Sunday, Oct. 23, 2011 @ 12:39 pm
October



It's been nearly a month...

Work is going very well. They are discovering that I am more useful than they expected, and therefore project managers are starting to fight over my time. Yes, my projects are more limited in scope than before, but I have no regrets about leaving what I now see was a hack job of a family run business. There is far more to employee satisfaction that simply throwing them more money when times get tough.

I drove to Canmore for my friends wedding earlier this month. I camped by myself in Jasper the first night and then drove down the ice fields parkway the morning of the wedding. I spent a good part of the wedding with an old friend of hers, someone who I didn't particularly like very much back in the day. He didn't recognize me at first, neither did her sister, which I took as compliments. I still don't like the guy much - he is arrogant and pompous and now kind of fat, which made me smug because I am forty pounds less than I was seven years ago, and he is a retired professional athelete. I only judge his weight because he was the judgmental one back then. After the wedding I went back to my tent which was set up in the municipal campground. Pretty sketchy, but I survived and stayed dry despite thunderstorms that passed over during the night.
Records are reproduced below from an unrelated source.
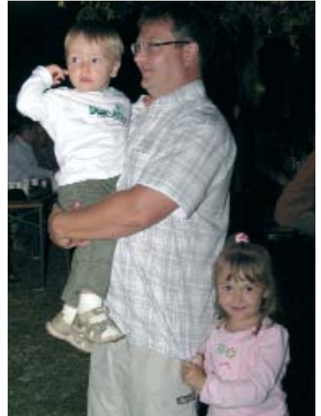
Najmladji obožavatelji Barunov

Prvo ljeto PETNO-festivala su dospili u Petrovo Selo tamburaški sastav Gazde, kot i Magazin. Predlani je kod nas gostovala Danijela Martinović, a lani je bio na vrhu dvodnevne manifestacije tamburaški bend Slavonske lole. Ljetos 5. julija, subotu, na petrovskoj bini izmjenično su nastupali kotrigi Barunov kot i Pinka-benda. Hrvatski gosti su zabavljali mnoštvo ljudi ne samo sa svojimi šlageri nek i s jačkami drugih izvođačev. Tako su „u duši“ med nami bili Mišo Kovač, Magazin, Bijelo Dugme, Vlado Kalember, Miroslav Škoro, Thompson, a naravno smo čuli i mogli uživati u cijelom repertoaru njegovih hitov iz prošlosti i sadašnjosti. Svojom otvorenošću, vidljivom voljom za muziciranje gradišćanskoj publici, od prvoga trenutka su pluli u simpatiji pjevač Danijel Banić i njegovi svirači. Prehladna noć je, međjutim, rano potirala domom publiku iako je čevap-djelaonica bila posipana s djelom sve do zore, kot i tancoši-konobari za šankom.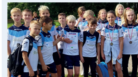
Finaliści Mistrzostw Powiatu w Biegach Przełajowych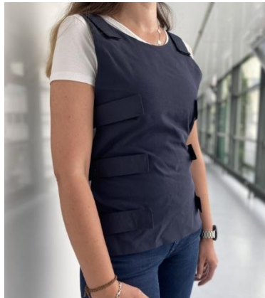
Abb. 1 In der Vorder- und Rückseite der Textilweste sind Akustiksensoren integriert, die den Thorax abhören.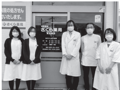
ふくしなんでも相談連携薬局 ～さくら薬局 東出雲店～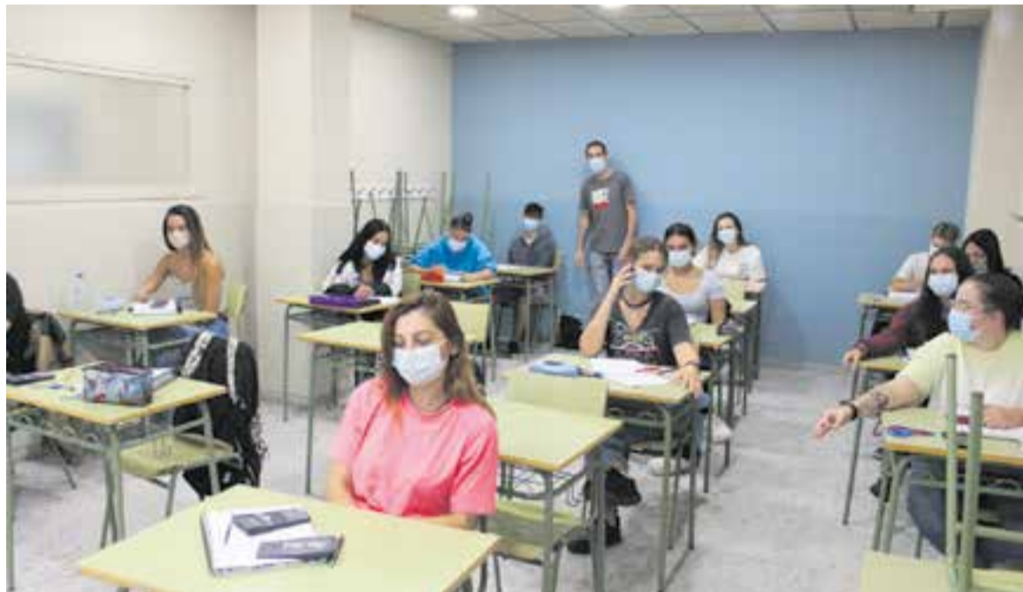
Una de les aules de l'Escola Municipal d'Adults dimarts al matí, plena d'alumnes.

L'oferta formativa inclou el cicle de formació instrumental, per arribar a una competència bàsica en lectoescriptura i càlculs elementals; ensenyaments inicials d'anglès, català i informàtica; el curs per a novinguts de castellà; literatura; necessitats educatives especials; el graduat d'educació secundària per a adults; el curs de preparació per a les proves d'accés a cicles formatius de grau mitjà i de grau superior i el curs de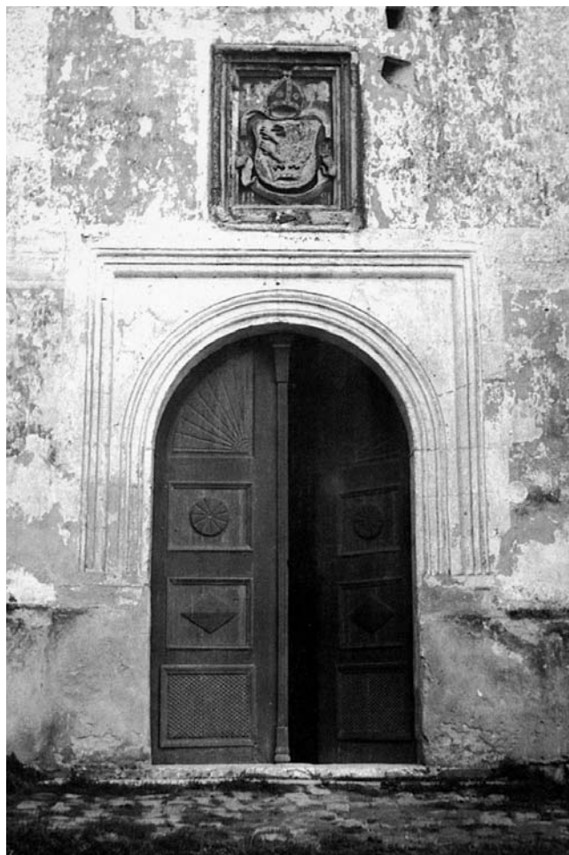
Ulaz u crkvu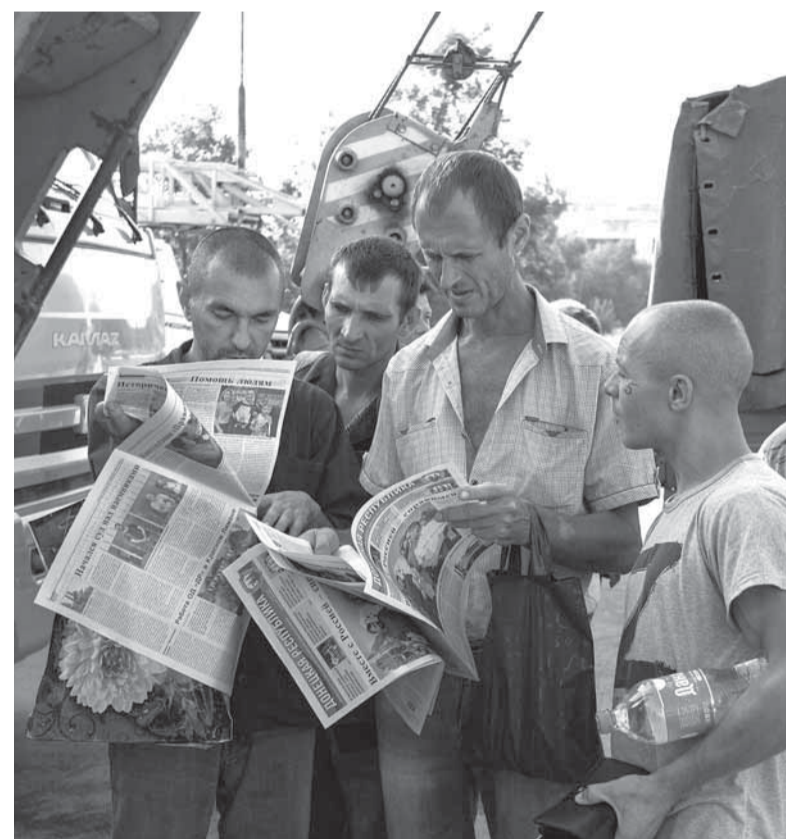
Рабочие читают «Донецкую Республику»

По его словам, на собрании также было много вопросов по восстановлению жилья и коммуникаций, социальных выплат и оформления гражданства Российской Федерации. Он также сообщил, что был избран ак-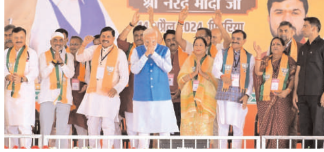
श्री नरेन्द्र मोदी जी, 15 अप्रैल 2024, पिपरिया

पिपरिया/भाषा। प्रधानमंत्री नरेन्द्र मोदी ने विपक्षी गठबंधन 'इंडि' के एक घटक दल के परमाणु निरस्त्रीकरण के पक्ष में बयान देने को लेकर रविवार को निशाना साधा और कहा कि बिना परमाणु हथियारों के देश की रक्षा नहीं की जा सकती। प्रधानमंत्री मोदी ने मध्य प्रदेश के होशंगाबाद लोकसभा क्षेत्र के पिपरिया कस्बे में एक जनसभा को संबोधित करते हुए कांग्रेस नेता राहुल गांधी के एक झटके में गरीबी उन्मूलन के दावे पर तंज कसते हुए कहा कि देश राहुल को गंभीरता से नहीं लेता। उन्होंने यह भी कहा कि कांग्रेस ने हमेशा डॉ. बाबासाहेब अम्बेडकर का अपमान किया लेकिन भाजपा सरकार ने उनका सम्मान किया है। प्रधानमंत्री मोदी ने किसी भी पार्टी का नाम लिए बिना मार्क्सवादी कम्युनिस्ट पार्टी (माकपा) के घोषणापत्र का जिक्र करते हुए कहा कि विपक्षी गठबंधन 'इंडि' के एक घटक दल ने परमाणु निरस्त्रीकरण का आह्वान किया है। मोदी ने लोगों से पूछा कि क्या आज के दौर में देश को परमाणु हथियार की जरूरत है या नहीं खासकर तब जब उसके दुश्मनों के पास इतनी ताकत है।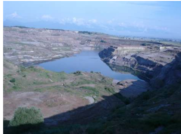
Σύγχρονη άποψη της περιοχής του λιγνιτωρυχείου Βεύης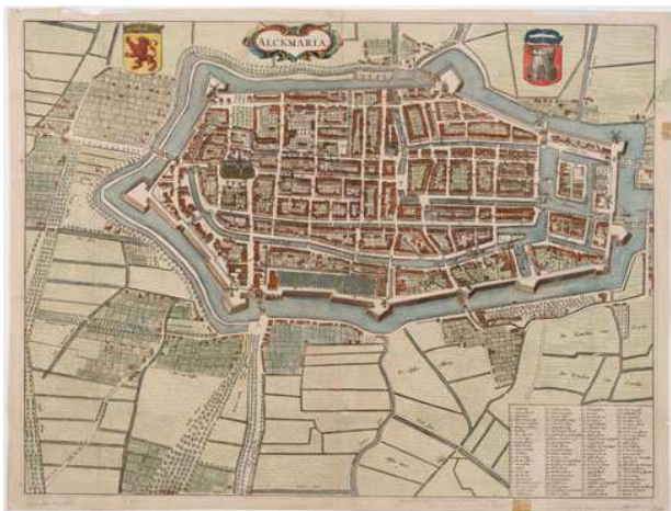
bron 1 Alkmaar voor de aanleg van het Noord-Hollands Kanaal

Honderd jaar later – omstreeks 1900 – heb je het heel wat gemakkelijker. Met het Noord-Hollands Kanaal, de Kennemerstraatweg, het spoor en de tram zijn er nieuwe, snellere verbindingen met de steden en dorpen in de omgeving en de wereld daarbuiten. De stoomtrein brengt je in een uur naar Amsterdam. Het lijkt wel een wonder!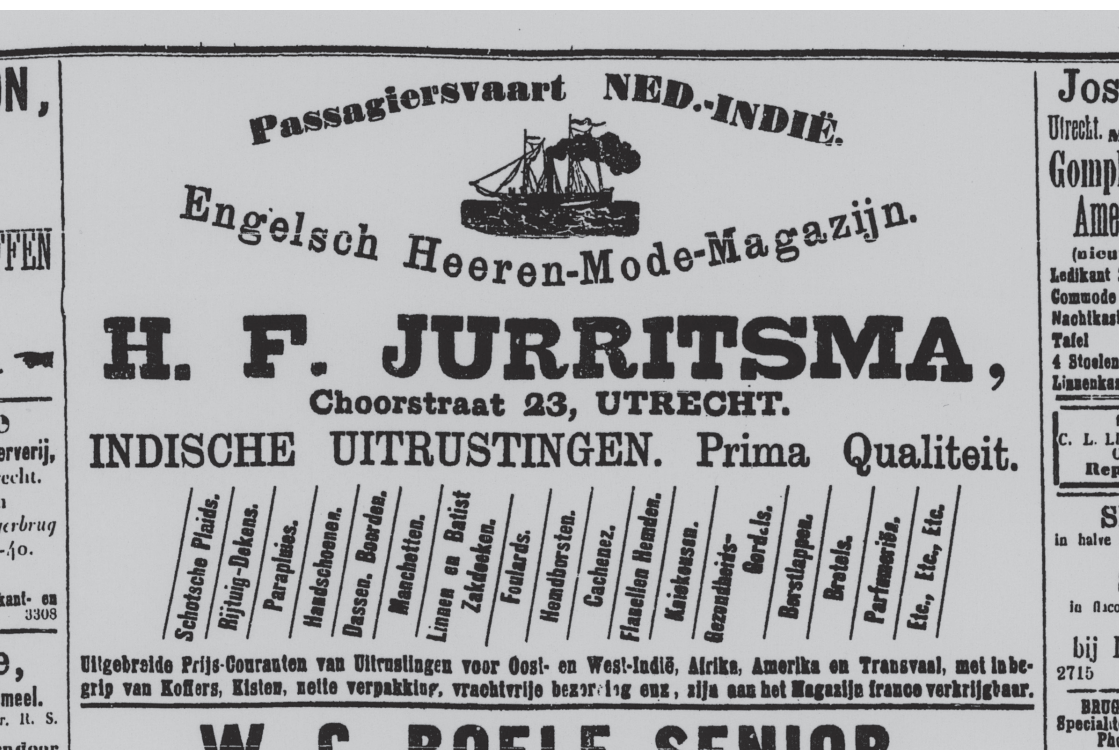
Advertentie in het Provinciaal en Stedelijk Dagblad, 18 maart 1888

I drove the whole eight and a half hours home the next day, which is the most that I've ever driven alone.

We went out canoeing last weekend. I haven't been in a canoe since Outdoor School, which is a School Distict 44 camp located in Brackendale. We slipped out onto a glassy lake, the shore smouldering with yellow and red trees. Wooden oar into the water, beads of water spinning across the surface before breaking back into lake. Quiet and beauty and solitude. The north gives and takes in unexpected ways.

Last night we had a belated thanksgiving dinner, eight of us around the table. People from such different backgrounds - Nairobi, Victoria, Burns Lake, Kamloops, Red Deer. How we have been led to meet, and how we share a meal and conversation, are small feats of happenstance. How much I have learned about the world by moving to a small northern city.
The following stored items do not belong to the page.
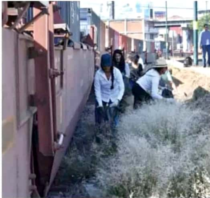
Los ciudadanos acudieron a diferentes puntos de reunión para recoger la basura.

"Están mandado sus evidencias, porque quieren un México limpio, quieren un país donde hay que darle otra oportunidad a nuestra madre tierra, porque es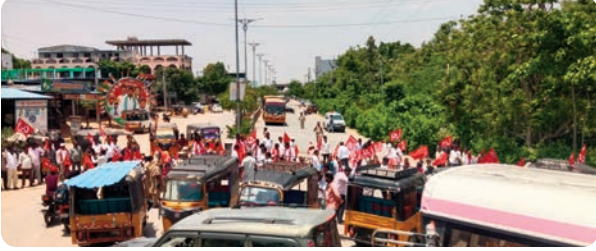
లసి వస్తుందనీ హెచ్చరించారు.

వైద్యం అందకపోవడం మూలంగా రోడ్డు మీదనే ప్రసవాలు జరిగిన చరిత్ర ఉన్నది. పాసింజర్ ఆటోలు బోల్తా పడిన సందర్భం ఉన్నది. ద్వీచక్ర వాహన దారులు అసుపత్రిపాల యూరు నడుము కాళ్ళు చేతులు విరిగిన చరిత్ర ఉన్నది అన్నారు. గత బి.ఆర్.ఎస్ ప్రభుత్వం పూర్తి చేయలేదు. అధికారంలోకి వచ్చి మూడు యేళ్లు కావొస్తున్న కూడ కాంగ్రెస్ చేయడం లేదు ఇందుకు ప్రభుత్వాలు సిగ్గుపడాలి అన్నారు. అన్నీ మా నుండి వస్తున్నాయి, కేంద్రం నుండి అని బి.జె.పి నాయకత్వం పడేపడే మాట్లాడుతుంటారు. ఈ ప్రాంతం ఎంపీ డి.కె. అరుణ గారైన కల్పించుకోవాలి. కేంద్ర నిధుల సుందైనా రోడ్డుని పూర్తి చేయాలి. ఎన్ని కలహుడు ప్రగల్భాలు పలికిన ఈ నాయకులు తరువాత మర్చిపోతారన్నారు. ఈ రోడ్డుకోసం గత నాలుగు ఏళ్లుగా ఆందోళనలు చేస్తున్నా కూడ ప్రభుత్వ అధికారులు, ప్రజాప్రతినిధులు ఏమాత్రం చలించడం లేదన్నారు. అధికారులు నాయకులు ఒక రిపై ఒకరు బొంతుతూ సమయం దాట వేస్తున్నారని అన్నారు. పనులు చేద్దాం అని ఎవరైనా ముందుకు వస్తే ముడుపులకోసం వేధిస్తున్నారని అన్నారు. అధికారులు, ప్రజాప్రతినిధులు ఇప్పటికైనా స్పందించి వెంటనే పూర్తి చేయాలని లేనిచో ప్రజాగ్రహానికి గురికావ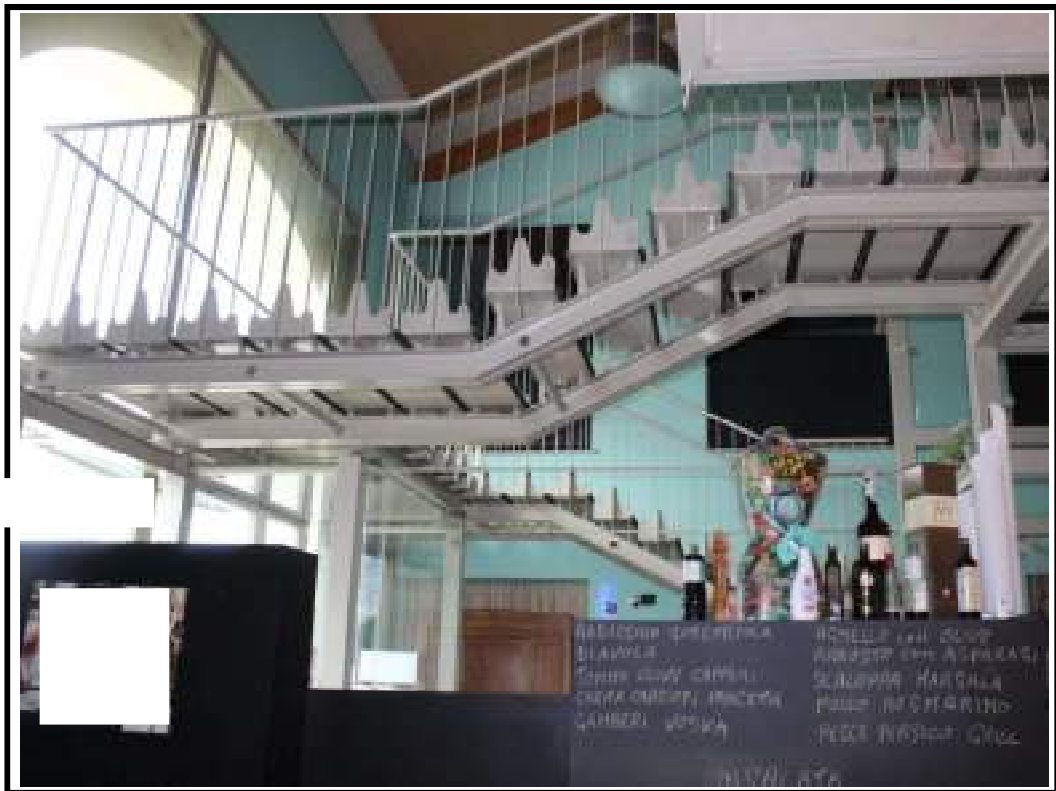
Foto 3 Scala di collegamento

I sold my entry level road bike and got the cyclocross bike that I'd been eyeing up for months. My hesitation payed off though - it came down by thirty percent, making my net cost laughable for the quality of the upgrade. I took it for a rainy ride downtown yesterday, and even with gritty water streaming down my face and legs I couldn't stop feeling happy. When a gravel truck moved into the oncoming lane to pass wide around me, my heart swelled with love and thanks, and that's when I knew that the bike was a good choice because it allows me to find positives in negatives.

The rest of my time is if filled with the usual. Trimmed the hedge, raked over the garden, household chores and cooking, a couple batches of soap. Lots of reading. Sewing.

I have no idea where in the world I will be this time next year.